* [Provided data]:
------------------------------------------------
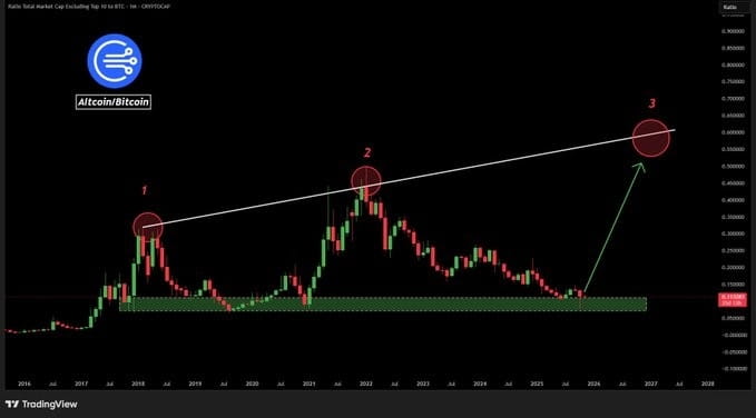 現在,在大多數人從未關注的加密貨幣技術圖表的深處,類似的事情正在發生。山寨幣與比特幣的比率——一個聽起來很無聊的指標,直到你理解它對你的投資組合意味着什麼——剛剛從一個在加密歷史上只觸碰過兩次的水平反彈。兩次之後,隨之而來的不僅僅是一次反彈。這是一場使百萬富翁橫空出世並重塑整個加密貨幣格局的革命。
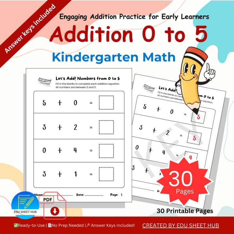 Edu Sheet Hub @edusheethub · Dec 30, 2025 Numbers 0–5 made easy! 🎉 30 fun addition worksheets with answer key — perfect for class or home learning ⭐ Check them out ➡️ buff.ly/SGMm37g #MathPractice #KindergartenMath #EduPrintables4 5
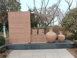 雕塑采用汉代陶器和画像砖为元素,在体现汉代陶器文化的同时,融装饰性、纪念性于一体,寓意婚姻的朴素与真实。
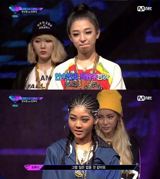트루디와 안수민은 미션 연습 중에도 은근한 신경전을 펼쳤다. 트루디는 아이돌 디스랩을 원했고, 미션 준비하면서 "난 천재인 거 같다"며 자신감을 드러냈다.
------------------------------------------------
Return the lines above exactly; the images are not part of the copy.

 現在,在大多數人從未關注的加密貨幣技術圖表的深處,類似的事情正在發生。山寨幣與比特幣的比率——一個聽起來很無聊的指標,直到你理解它對你的投資組合意味着什麼——剛剛從一個在加密歷史上只觸碰過兩次的水平反彈。兩次之後,隨之而來的不僅僅是一次反彈。這是一場使百萬富翁橫空出世並重塑整個加密貨幣格局的革命。
 Edu Sheet Hub @edusheethub · Dec 30, 2025 Numbers 0–5 made easy! 🎉 30 fun addition worksheets with answer key — perfect for class or home learning ⭐ Check them out ➡️ buff.ly/SGMm37g #MathPractice #KindergartenMath #EduPrintables4 5
 雕塑采用汉代陶器和画像砖为元素,在体现汉代陶器文化的同时,融装饰性、纪念性于一体,寓意婚姻的朴素与真实。
트루디와 안수민은 미션 연습 중에도 은근한 신경전을 펼쳤다. 트루디는 아이돌 디스랩을 원했고, 미션 준비하면서 "난 천재인 거 같다"며 자신감을 드러냈다.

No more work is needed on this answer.